→ **Task brief**
In the listing below, write out exactly each line from the first through the one containing "Polished silver case".

→ **Dataset entries**
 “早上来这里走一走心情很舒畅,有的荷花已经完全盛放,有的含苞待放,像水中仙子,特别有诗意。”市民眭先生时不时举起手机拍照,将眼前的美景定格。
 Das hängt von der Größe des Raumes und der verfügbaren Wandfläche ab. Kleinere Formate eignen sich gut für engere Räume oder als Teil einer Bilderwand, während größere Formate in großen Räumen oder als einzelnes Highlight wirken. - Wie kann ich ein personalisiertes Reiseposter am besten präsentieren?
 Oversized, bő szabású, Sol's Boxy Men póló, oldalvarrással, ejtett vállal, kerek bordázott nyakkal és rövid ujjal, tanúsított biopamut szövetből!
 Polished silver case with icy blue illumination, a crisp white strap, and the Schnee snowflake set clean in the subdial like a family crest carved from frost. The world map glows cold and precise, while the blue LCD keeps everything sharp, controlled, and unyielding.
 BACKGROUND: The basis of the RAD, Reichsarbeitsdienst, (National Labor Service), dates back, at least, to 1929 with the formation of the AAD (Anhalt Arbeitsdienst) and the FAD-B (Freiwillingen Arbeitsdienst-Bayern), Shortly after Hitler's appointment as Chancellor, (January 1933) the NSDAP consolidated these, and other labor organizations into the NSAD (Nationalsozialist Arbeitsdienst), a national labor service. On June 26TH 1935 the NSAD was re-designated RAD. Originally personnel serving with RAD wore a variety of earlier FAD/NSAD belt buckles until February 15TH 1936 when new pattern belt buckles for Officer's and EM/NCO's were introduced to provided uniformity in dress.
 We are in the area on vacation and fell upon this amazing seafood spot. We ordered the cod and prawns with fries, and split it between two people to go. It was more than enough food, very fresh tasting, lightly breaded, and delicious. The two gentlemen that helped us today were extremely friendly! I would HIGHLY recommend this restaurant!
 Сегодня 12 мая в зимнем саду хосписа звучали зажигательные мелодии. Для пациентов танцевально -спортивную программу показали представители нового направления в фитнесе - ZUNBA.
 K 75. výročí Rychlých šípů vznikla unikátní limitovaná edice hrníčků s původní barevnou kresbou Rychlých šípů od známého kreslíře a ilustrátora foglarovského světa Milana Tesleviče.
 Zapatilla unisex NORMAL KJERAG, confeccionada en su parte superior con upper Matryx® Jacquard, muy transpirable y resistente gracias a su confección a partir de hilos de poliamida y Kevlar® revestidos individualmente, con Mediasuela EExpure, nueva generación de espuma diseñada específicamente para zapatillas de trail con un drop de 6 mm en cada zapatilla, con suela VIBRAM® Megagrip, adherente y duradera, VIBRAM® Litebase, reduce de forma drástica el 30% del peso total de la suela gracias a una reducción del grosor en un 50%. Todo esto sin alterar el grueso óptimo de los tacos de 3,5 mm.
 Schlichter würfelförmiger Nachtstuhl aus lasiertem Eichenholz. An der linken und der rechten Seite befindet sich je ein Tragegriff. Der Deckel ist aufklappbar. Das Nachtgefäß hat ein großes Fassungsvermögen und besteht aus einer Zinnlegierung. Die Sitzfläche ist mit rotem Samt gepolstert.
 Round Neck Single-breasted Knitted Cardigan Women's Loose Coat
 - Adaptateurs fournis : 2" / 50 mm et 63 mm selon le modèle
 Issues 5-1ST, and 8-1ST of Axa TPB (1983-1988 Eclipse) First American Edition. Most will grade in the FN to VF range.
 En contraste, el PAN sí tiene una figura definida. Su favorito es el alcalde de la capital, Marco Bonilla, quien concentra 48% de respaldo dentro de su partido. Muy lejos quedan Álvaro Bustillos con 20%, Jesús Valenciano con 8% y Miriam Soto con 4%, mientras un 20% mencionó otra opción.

→ **Written solution**
 “早上来这里走一走心情很舒畅,有的荷花已经完全盛放,有的含苞待放,像水中仙子,特别有诗意。”市民眭先生时不时举起手机拍照,将眼前的美景定格。
 Das hängt von der Größe des Raumes und der verfügbaren Wandfläche ab. Kleinere Formate eignen sich gut für engere Räume oder als Teil einer Bilderwand, während größere Formate in großen Räumen oder als einzelnes Highlight wirken. - Wie kann ich ein personalisiertes Reiseposter am besten präsentieren?
 Oversized, bő szabású, Sol's Boxy Men póló, oldalvarrással, ejtett vállal, kerek bordázott nyakkal és rövid ujjal, tanúsított biopamut szövetből!
 Polished silver case with icy blue illumination, a crisp white strap, and the Schnee snowflake set clean in the subdial like a family crest carved from frost. The world map glows cold and precise, while the blue LCD keeps everything sharp, controlled, and unyielding.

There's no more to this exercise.